Nina Nastasia
Run to Ruin
Touch and Go
Given her exquisite poise while balancing acts of airless space, quarantined sound and
expectant hush, Nina Nastasia doesn't stand still, not at all. She rarely crosses the same ground.
As a result, we get to witness the transformation of an observer into a participant
in the human drama; something unblinkingly reptilian into something vulnerably
mammalian.
Run to Ruin's first song, "We Never Talked," unfolds with a lamentation for things unspoken:
"We never talked/ about the things we witnessed/ what sadness came," accompanied by a two-note
electric guitar figure, occasional swooping cello moans, wheezing violas and piano
notes dropped like beads from a broken necklace. Nastasia hints at some looming backdrop, some event
so big and tragic that it interrupts the natural two-way flow of a relationship, derailing and
ultimately killing it.
Ruin's eight intricately wrought tales run short at about 30 minutes. Steve Albini, who produced Nastasia's previous The Blackened Air, must take
credit once again, for close-miking yet essentially leaving the sounds alone. But Nastasia and her band are
the deceptively wild prairie herd barely kept corralled by his cowboy ministrations. This music is
the turbulence beneath the surface serenity, the half-arrested madness in a horse's eye.

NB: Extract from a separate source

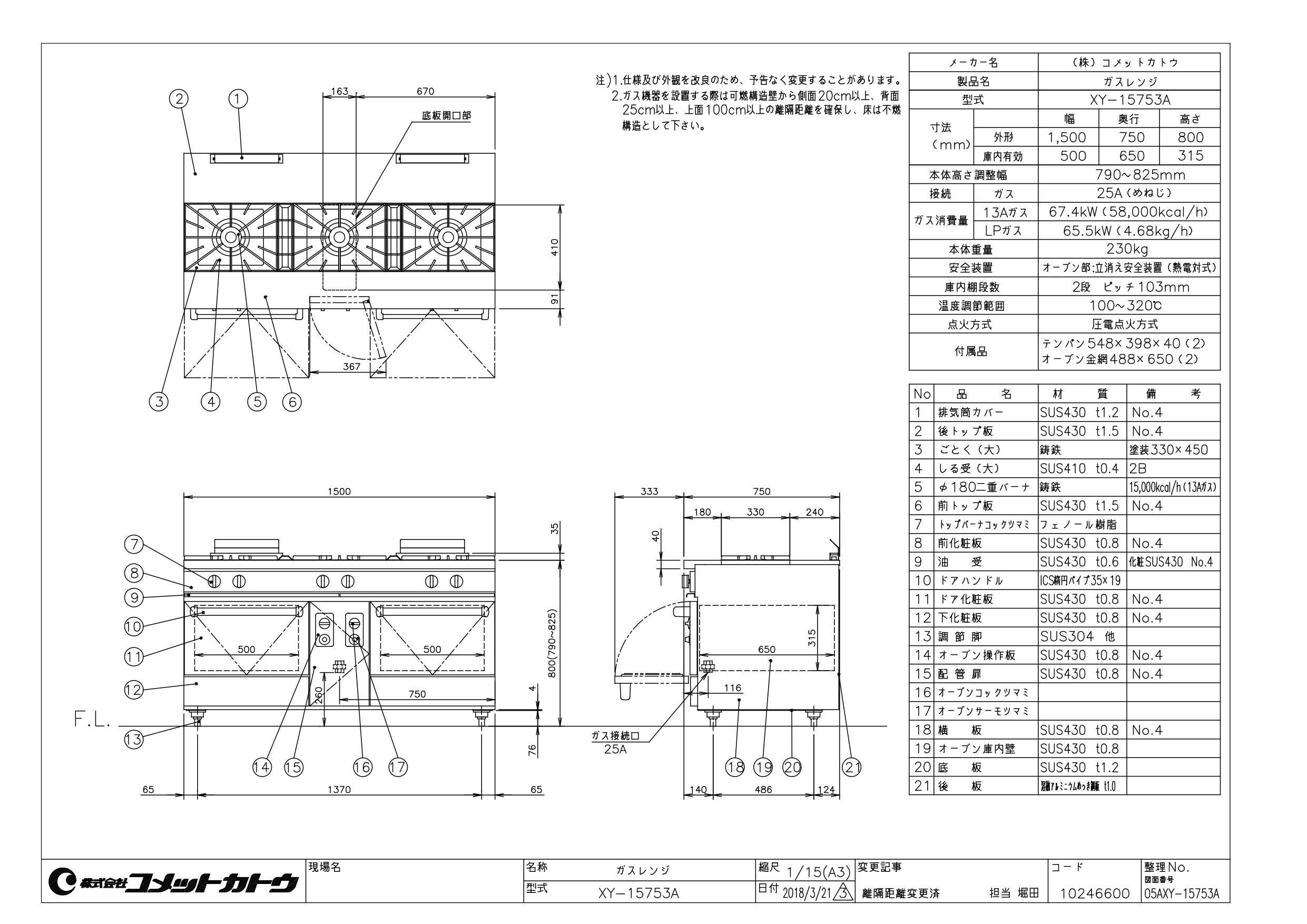 特記事項:トップバーナー個数:2重バーナ 直径180(15,000kcal/h) 3個

Usually quiet though never passive, these songs lurch by, crowning, crowing, being cowed. In "The Body," a domestic assault victim must decide between cowardice and freedom (which could just as easily be
oblivion): "All await the eyes to cloud/ For the will to leave the birches." These words intrude so delicately
that the transformation of the personal into the universal intially passes unnoticed,
while an increasingly feverish, baroque chamber orchestra struts its leering madness beneath the
skies of Jim
White's thunder rolls.
"Superstar" also begins with processional acoustic guitar, a plainly
observational vocal tone, those peripheral-vision piano droplets, then a gradually more
distorted electrical disturbance (dry lightning in the hills) as Nastasia begins to outline her
misery about as convincingly as domestic bliss at a prison visit. Sit down, don't move, don't think, stand up, walk away.
An impulsive psychosis lurks beneath the hidden tidal sway of "On Teasing." Mortality,
laughter and a twisted eroticism inform the teetering suicide urge of a woman atop a cliff.
The fatal lure of an ocean that threatens to "swallow her whole down below for a treat"
is disguised by a childish sing-song melody while strings swell ominously, a piano caresses a
vertebrae of notes downward, like deadly foreplay, and White's drumming grows stormier
by the second, as violins, violas and accordions cajole, lament and gleefully mock human folly.
Perhaps bleakest of all is the pitiful ménage drama of "You Her and Me." Brutally honest in
its depiction of casual human cruelty, this song's slow careen between serrated cello groaning,
spare tapped snare and sudden bursts of futile abandon, traces the nonchalant yet cutting disdain
of a woman for the pathetic weakness of a rival. With the sonic storm all but spent, the final
sentiments are even more damning in their mundane contempt: "Bawling,
she asks you 'What's happening to me?'/ I walk to a payphone, call for an ambulance/ Hate her like
nobody knows." Once again, as in all true art, the heartbreakingly specific becomes the
contemplatively universal.
Movement and stasis, communication and silence, bravery and cowardice, kindness and cruelty,
isolation and connection. For Nastasia, a world of events separated the making of two very
different albums. The Blackened Air was spectral, shocking even. Run to Ruin, however,
is just plain shocked. It rides the blurry haunted lines between polarities, unflinching
in its gaze at both the possible (the yearned-for peaks of ecstasy) and the probable
(those petty depths of human awfulness), never denying the unlikely power of the former.
Wincing, yet refusing to succumb to outright cynicism or despair, it recites back
to us our own stories, the long and the short, the harrowingly shameful and the starkly exultant.